Of course, Olidammara isn’t all Cynic. Cynics rejected wealth and luxury altogether and snubbed everything not necessary for survival, in the name of (basically) independence. The Laughing Rogue, on the contrary, wants you to grab all the finer things in life with both hands, and have a good time.

“The kernel of Olidammara’s philosophy is that life should be enjoyed, for a life of misery and boredom is a life wasted. Mortals should laugh, enjoy the company of friends and the playing of music, taste good food, and drink good wine. Although he is not a hedonist and doesn’t believe that mortals should be, he knows that a lifetime of meat, fruit, wine, and song is better than a a life of bread, water, and silence (unsurprisingly he has no ascetic or monk worshippers). His faithful should treat music as the art it is and strive to be as skilled at it as their patron. People should make jokes and laugh when the joke is on them, and try to avoid misery, temperance, and solemnity, for they are the greatest poison to the soul. He encourages people to practice occasional mayhem not for its own sake but to add excitement to boring lives and rattle the self-built cages of materialists.”

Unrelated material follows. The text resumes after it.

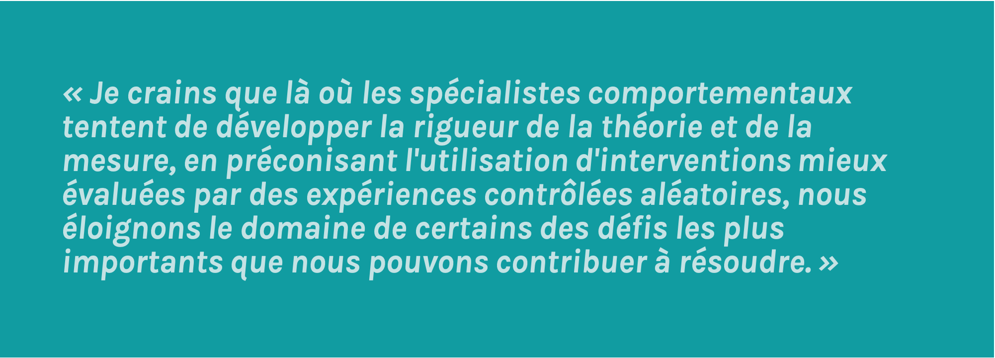 Je crains que là où les spécialistes comportementaux tentent de développer la rigueur de la théorie et de la mesure, en préconisant l'utilisation d'interventions mieux évaluées par des expériences contrôlées aléatoires, nous éloignons le domaine de certains des défis les plus importants que nous pouvons contribuer à résoudre.

And, to return full circle to Hecate’s supper, Olidammara is something more than that. He discovered a source of fulfillment, joy, and bliss that all the squabbling philosophers in the time of Diogenes somehow failed to grasp. That shifty thieving scoundrel is sharing.

Olidammara’s Aphorism: “What is good alone is better with others. Any pleasurable thing is greater when you can share it with someone else. A fine wine is sweeter when raised in toast to a friend. A romantic song is stronger as a duet. A good meal is more savory when shared with a hungry man. A memory is richer when reminiscing with someone who was there.”

And you know what? I’ll drink to that.

Illustration by Andrew Hu (Dragon #342)

[All excerpts about the Laughing Rogue are from the article “Core Beliefs: Olidammara” by Sean K. Reynolds (Dragon #342, 2006). All excerpts of Dialogues of the Dead are from The Works of Lucian of Samosata, transl. Henry Watson Fowler and Francis George Fowler (1905).]